Pancar 'Kral İnşaat Ltd.' adlı enstelasyon parçasında, kullanılmış mobilyaların anlamları üzerinde yeni kurgular aramaktadır. Nesnenin ilk kullanım değerini yitirip, ikinci el olarak ordan oraya yer değiştirmesi fikri ile, göç, yerdeğiştirme ve yerleşememe kavramları arasında muhtemel ilişkiler kurulabilir. Dolap, televizyon sehpası, koltuk gibi mobilyaları, İstanbul ya da Anadolu' nun herhangi biryerinde karşılaşabileceğimiz birer binaya dönüştürürken, göçebe bir toplumun gelip geçici, bir çırpıda yapılmış gibi duran inşa etme biçimlerini sorgulamaktadır. Modern mimarinin temel unsurlarından biri olan şeffaflık, bol miktarda cam kullanımı, iç ile dışın birbirinin içine geçtiği bir mekan hissi uyandırır ve Giedion'un anlatımıyla emsalsiz bir çok yüzlülüğe ulaşarak mekanda bir an için dondurulmuş bir hareket duygusu yaratılır. 'Kral İnşaat Ltd.' işinde de cephenin şeffaflığı pleksi kullanımı ile vurgulanırken, magazin sayfalarından cımbızla çekilip çıkarılmış gibi duran imajlar, Giedeon'un tasvir ettiğine benzer bir dondurulmuş hareket duygusu uyandırır.
Mustafa Pancar, 'Kral İnşaat', 2011, karışık teknik, 210x100x40 cm.
Cosentino ve Pancar'ın alt kültürel sivil mimari doku üzerinden sürdürdüğü sorgulamanın aksine, Can Aytekin modern ütopyanın belli başlı anıtları arasında sayılabilecek kurumsal yapılarla ilgilenir. Sadece mimari anıt diyebileceğimiz modern idoller değil, genel anlamda tapınak ve anıt heykel olgusuyla ve onların tarihsellik ve ideoloji ile belirlenmiş biçimleriyle uğraşır.
Bildiğimiz gibi mimar ve sanatçılar birbirine benzer temsil araçlarını ve benzer bir dili kullanagelmişlerdir: Perspektif, maket, iki boyutlu çizim, eskiz, fotoğraf ve son yıllarda artan bir şekilde 3D modelleme ve diğer dijital teknikler gibi temsil araçları ve biçim, renk, doku, ölçü, oran, ışık ve gölge gibi mefhumlar... Aytekin, pekçoğunu fiziksel olarak görmediği anıt ve heykellerin resmini yapmadan önce tecrübe etmek için, önce desen ve eskizlerini sonra da maketlerini yaparak söz konusu formlarla ilişkiye girer.

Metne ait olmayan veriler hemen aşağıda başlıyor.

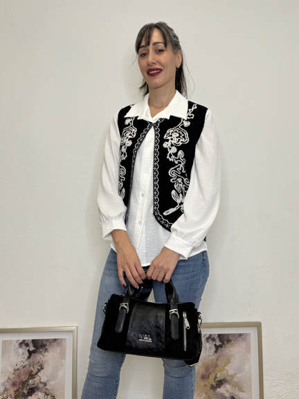 Bandolera 2 cuerpos pespuntes corazón Noco

'Tapınak' işinde, Kudüs Tapınağı, Anıtkabir, New York Guggenheim Müzesi gibi farklı zaman dilimlerinden ve kültürlerden derlenen bir çok anıt yapı yanyana gelerek bir silüet oluşturur. Bu silüet içerisinde örneğin 'Guggenheim Müzesi' gibi bir anıt yapı da tapınak olarak değerlendirilir, ne de olsa günümüzde müzeler tapınakların işlevini devralmıştır. Plastik bardak ve oyuncak gibi günlük kullanım eşyaları, karton ve çamurdan devşirerek oluşturduğu yapılar silsilesi, anıt fikrinin ciddiyet ve ağırlığıyla dalga geçer. Zihni bir tür arşivci ya da araştırmacı gibi işleyen Aytekin, kafasını kurcalayan meseleyi soyutlayıp, temel bir düşünce parçacığına indirgedikten sonra fikrinin nesnesi olan imgeleri toplamaya başlar. Çizim ve maketle örülen düşünce pratiğinin sonucunda esas yapmak istediği eyleme ulaşır: resim yapmak.
Can Aytekin, 'Sarı Tapınak', 2004, tuval üzerine yağlıboya, 152x192 cm.

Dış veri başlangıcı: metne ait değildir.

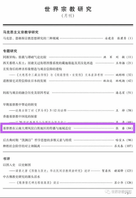 近日,玉溪师范学院外国语学院教师张睿博士独立撰写的学术论文《基督教在云南大理凤仪白族地区的传播与地域适应》发表在《世界宗教研究》2023年第5期。该论文也是张睿博士近两年来以玉溪师范学院为第一单位在该期刊发表的第2篇学术论文。

Aytekin, 'Sarı Tapınak' isimli resminde, Guggenheim Müzesi'nin kütlesel biçimininin biricik izini, tuval üzerindeki birkaç eğriye indirger. Resim yapma eylemini görmenin devamı olarak tanımlayan sanatçı, nasıl resim yapıyorsun sorusuna 'hatırlayarak' diye cevap verir.
Modern kapitalizmin aşındırdığı belleği kurtarmanın yolu, nostalji sevdasına düşmeden, hatırlamaktır.